Prompting extension->Self-consistency
introduction
[Wang et al. (2023)] proposes a new decoding strategy, self-consistency, to replace the naive greedy decoding used in chain-of-thought prompting. It first samples a diverse set of reasoning paths instead of only taking the greedy one, and then selects the most consistent answer by marginalizing out the sampled reasoning paths. Extensive empirical evaluation shows that self-consistency boosts the performance of chain-of-thought prompting with a striking margin on a range of popular arithmetic and commonsense reasoning benchmarks, including GSM8K (+17.9%), SVAMP (+11.0%), AQuA (+12.2%),StrategyQA (+6.4%) and ARC-challenge (+3.9%).
How it Works?
It has been observed that chain-of-thought prompting significantly improves model performance across a variety of multi-step reasoning tasks.In this paper, we introduce a novel decoding strategy called self-consistency to replace the greedy decoding strategy used in chain-of-thought prompting (Wei et al., 2022), that further improves language models’ reasoning performance by a significant margin. Self-consistency leverages the intuition that complex reasoning tasks typically admit multiple reasoning paths that reach a correct answer (Stanovich & West, 2000). The more that deliberate thinking and analysis is required for a problem (Evans, 2010), the greater the diversity of reasoning paths that can recover the answer.

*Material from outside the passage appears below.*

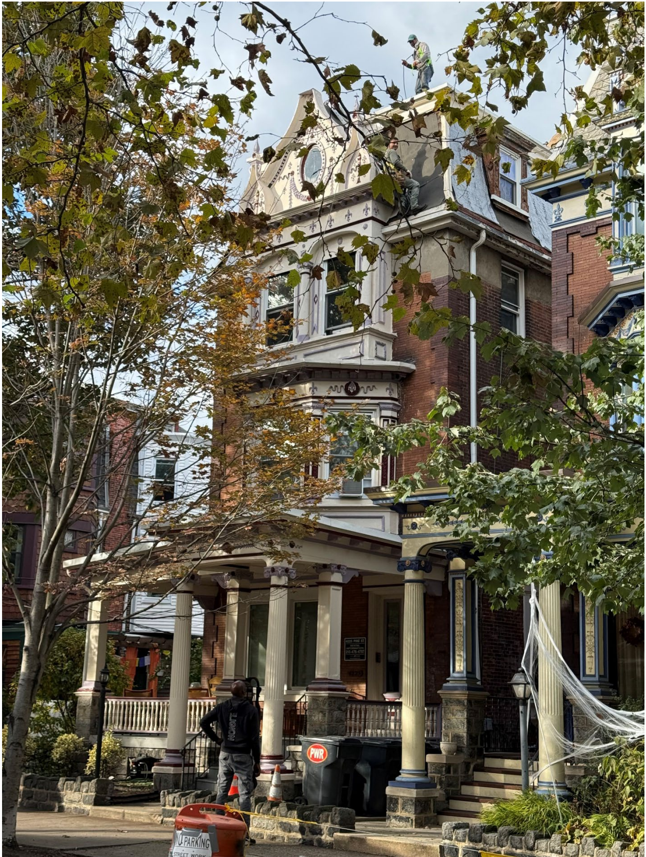
Figure 3. Slate replacement, October 2025. Provided by community member who requested violation.

4225 Pine Street Philadelphia Historical Commission March/April 2026

We first prompt the language model with chain-of-thought prompting, then instead of greedily decoding the optimal reasoning path, we propose a ”sample-and-marginalize”decoding procedure: we first sample from the language model’s decoder to generate a diverse set of reasoning paths; each reasoning path might lead to a different final answer, so we determine the optimal answer by marginalizing out the sampled reasoning paths to find the most consistent answer in the final answer set. Such an approach is analogous to the human experience that if multiple different ways of thinking lead to the same answer, one has greater confidence that the final answer is correct. Compared to other decoding methods, self-consistency avoids the repetitiveness and local-optimality that plague greedy decoding, while mitigating the stochasticity of a single sampled generation.
Prompt示例:
*Prompt:*
*Q: There are 15 trees in the grove. Grove workers will plant trees in the grove today. After they are done,there will be 21 trees. How many trees did the grove workers plant today?*
*A: We start with 15 trees. Later we have 21 trees. The difference must be the number of trees they planted.So, they must have planted 21 - 15 = 6 trees. The answer is 6.*
*Q: If there are 3 cars in the parking lot and 2 more cars arrive, how many cars are in the parking lot?*
*A: There are 3 cars in the parking lot already. 2 more arrive. Now there are 3 + 2 = 5 cars. The answer is 5.*
*Q:When I was 6, my sister was half my age. Now I’m 70, how old is my sister?*
*A:*
⭐Sample a diversity set of reasoning paths as below:
*Output 1:When I was 6 my sister was half my age, so she was 3. Now I am 70, so she is 70 - 3 = 67. The answer is 67.*
*Output 2:When the narrator was 6, his sister was half his age, which is 3. Now that the narrator is 70, his sister would be 70 - 3 = 67 years old. The answer is 67.*
*Output 3:When I was 6 my sister was half my age, so she was 3. Now I am 70, so she is 70/2 = 35.*
``*The answer is 35.*
*⭐majority voting:*
*The answer is 67.(final answer)*